▶ About this exercise
Word for word, print each line of the listing below; pictures stay out.

Dataset content Start Marker

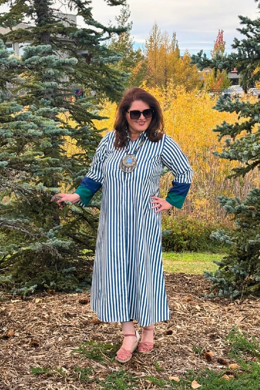 Details • Long shirt-dress silhouette with vertical stripes • Button-down front with classic collar • Contrasting cuffs in green and blue for a bold accent • Lightweight grip, non wrinkle for everyday wear
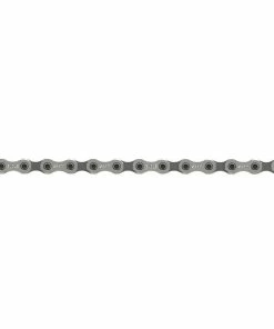 La chaine Sram NX Eagle 12 vitesses rend l’accès aux transmissions 12 vitesses bien plus abordable. Elle reprend la même construction que les versions plus haut de gamme avec la technologie Flow Link qui offre des passages de vitesses souples et silencieux. La différence se fait au niveau des rivets et du traitement de surface de la chaine. En effet cette chaine GX Eagle utilise des rivets pleins, ce qui augmente un tout petit peu le poids de la chaine (8 gr de plus qu’une X01 Eagle…) mais la rend bien plus abordable. Elle ne bénéficie pas du traitement Hard Chrome comme ses ainées elle sera donc probablement moins durable mais avec son petit prix on peut concevoir de la changer plus régulièrement.
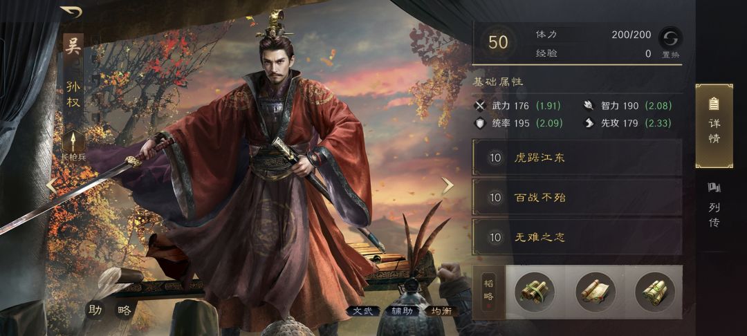 孙权战法:虎踞江东+百战不殆+无难之志。

Dataset content End Marker

▶ Result below
 Details • Long shirt-dress silhouette with vertical stripes • Button-down front with classic collar • Contrasting cuffs in green and blue for a bold accent • Lightweight grip, non wrinkle for everyday wear
 La chaine Sram NX Eagle 12 vitesses rend l’accès aux transmissions 12 vitesses bien plus abordable. Elle reprend la même construction que les versions plus haut de gamme avec la technologie Flow Link qui offre des passages de vitesses souples et silencieux. La différence se fait au niveau des rivets et du traitement de surface de la chaine. En effet cette chaine GX Eagle utilise des rivets pleins, ce qui augmente un tout petit peu le poids de la chaine (8 gr de plus qu’une X01 Eagle…) mais la rend bien plus abordable. Elle ne bénéficie pas du traitement Hard Chrome comme ses ainées elle sera donc probablement moins durable mais avec son petit prix on peut concevoir de la changer plus régulièrement.
 孙权战法:虎踞江东+百战不殆+无难之志。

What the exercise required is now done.